-- Your assignment --
Leaving out pictures, output exactly the lines below from the one that has "10月26日(水)の給食は和" through the one that has "등) (Perplexity AI)", and nothing else.

*** Supplied material ***

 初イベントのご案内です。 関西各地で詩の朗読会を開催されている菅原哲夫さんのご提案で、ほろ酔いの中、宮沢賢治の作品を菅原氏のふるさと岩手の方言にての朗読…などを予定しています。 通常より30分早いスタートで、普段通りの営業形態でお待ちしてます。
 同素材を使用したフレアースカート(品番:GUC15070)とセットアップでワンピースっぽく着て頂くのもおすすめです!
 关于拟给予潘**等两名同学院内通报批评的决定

*** End of Supplied material ***
*** Supplied material ***

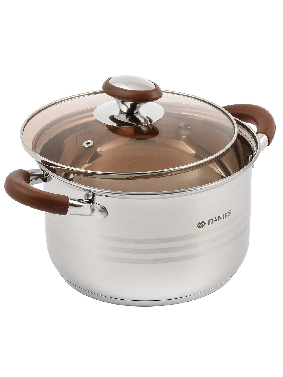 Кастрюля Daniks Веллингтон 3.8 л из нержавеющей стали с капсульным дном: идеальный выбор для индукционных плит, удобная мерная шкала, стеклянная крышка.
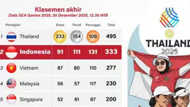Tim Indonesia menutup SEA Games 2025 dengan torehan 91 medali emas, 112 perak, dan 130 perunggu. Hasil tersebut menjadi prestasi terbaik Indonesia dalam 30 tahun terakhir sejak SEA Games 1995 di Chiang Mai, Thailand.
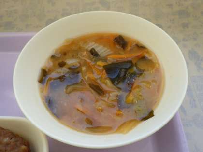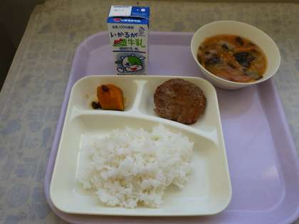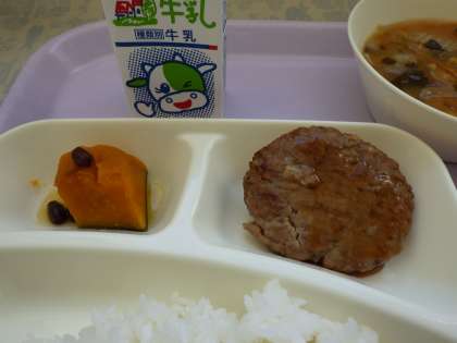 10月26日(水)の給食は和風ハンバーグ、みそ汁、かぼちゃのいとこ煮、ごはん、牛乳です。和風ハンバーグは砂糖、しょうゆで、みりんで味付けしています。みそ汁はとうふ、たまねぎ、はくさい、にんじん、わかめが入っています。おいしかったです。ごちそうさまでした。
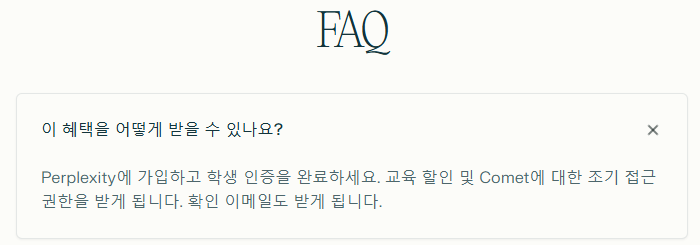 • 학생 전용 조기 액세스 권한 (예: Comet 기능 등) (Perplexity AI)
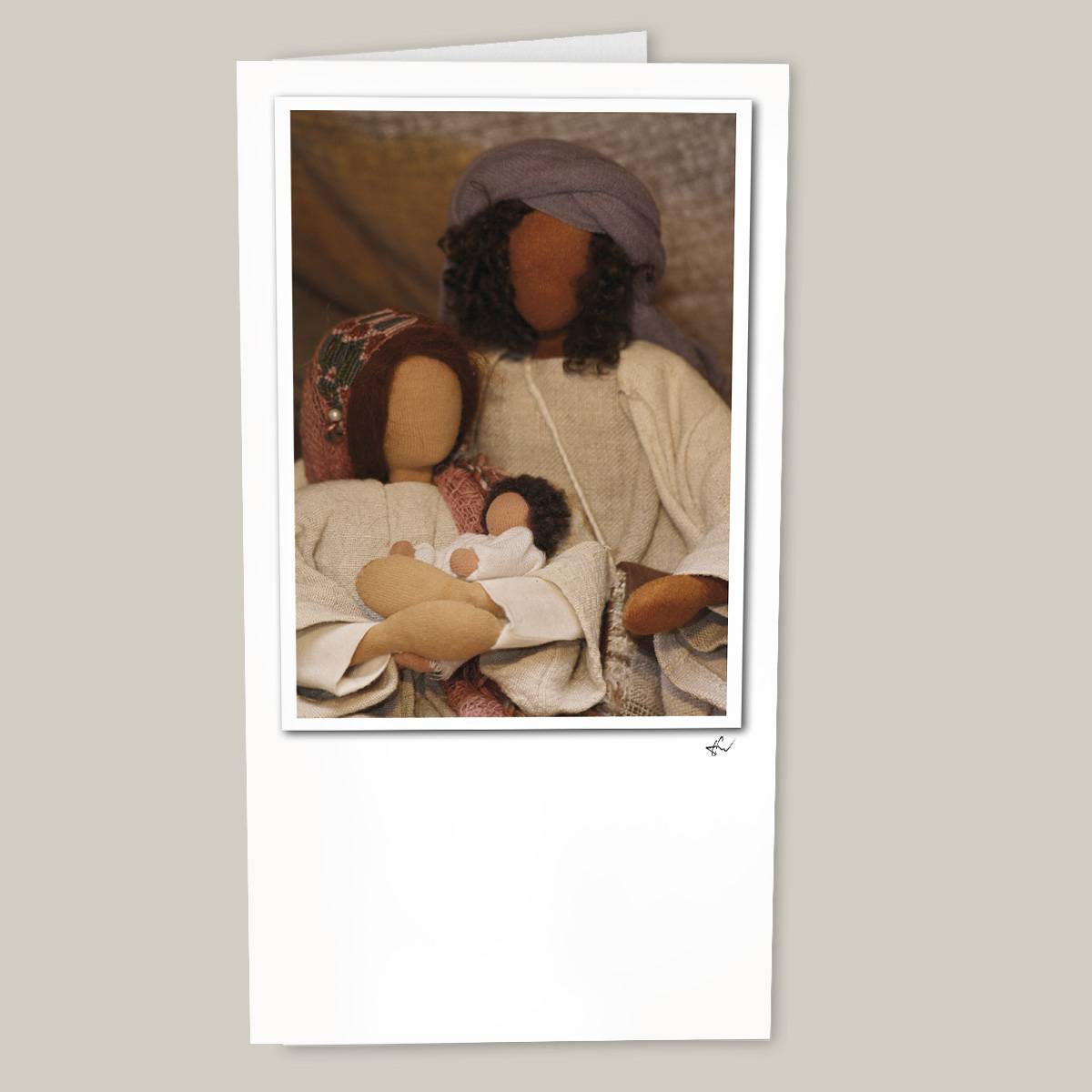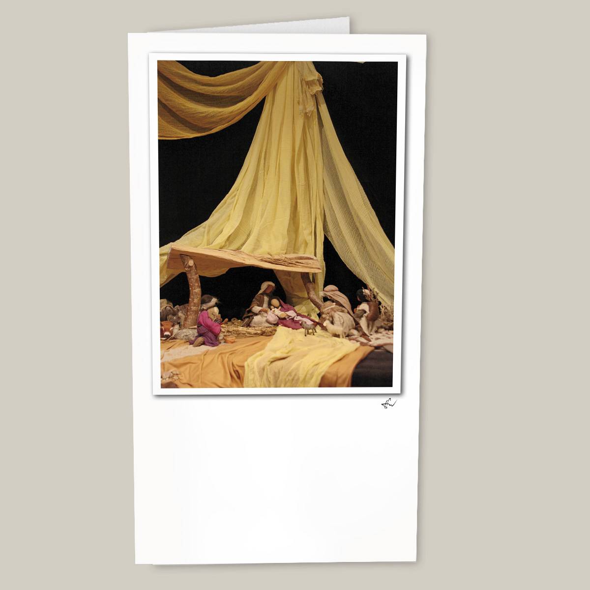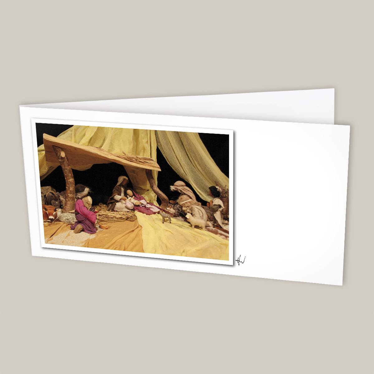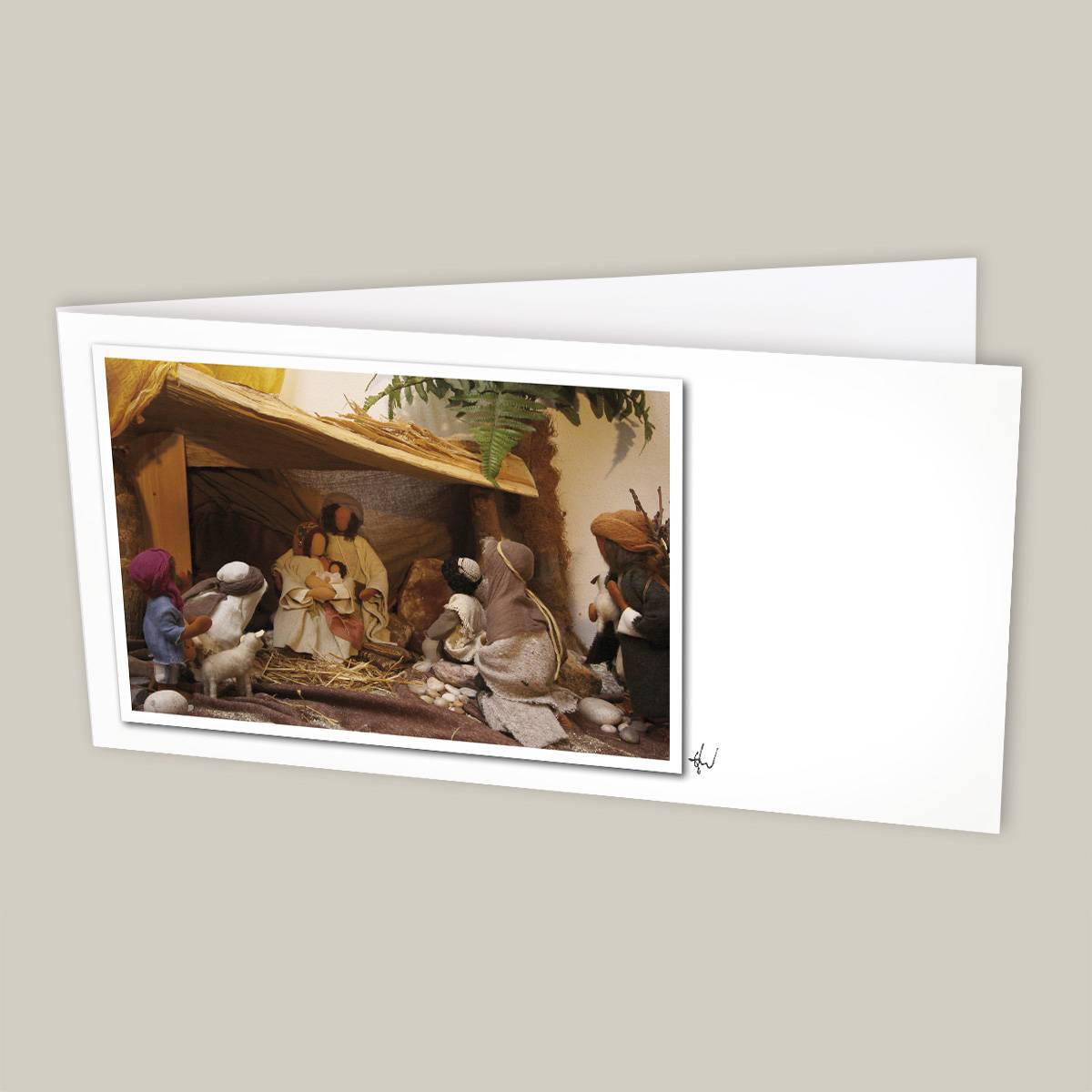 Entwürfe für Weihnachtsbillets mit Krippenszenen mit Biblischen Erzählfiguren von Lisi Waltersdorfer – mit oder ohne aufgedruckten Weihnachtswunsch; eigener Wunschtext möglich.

*** End of Supplied material ***

-- Task response --
 10月26日(水)の給食は和風ハンバーグ、みそ汁、かぼちゃのいとこ煮、ごはん、牛乳です。和風ハンバーグは砂糖、しょうゆで、みりんで味付けしています。みそ汁はとうふ、たまねぎ、はくさい、にんじん、わかめが入っています。おいしかったです。ごちそうさまでした。
 • 학생 전용 조기 액세스 권한 (예: Comet 기능 등) (Perplexity AI)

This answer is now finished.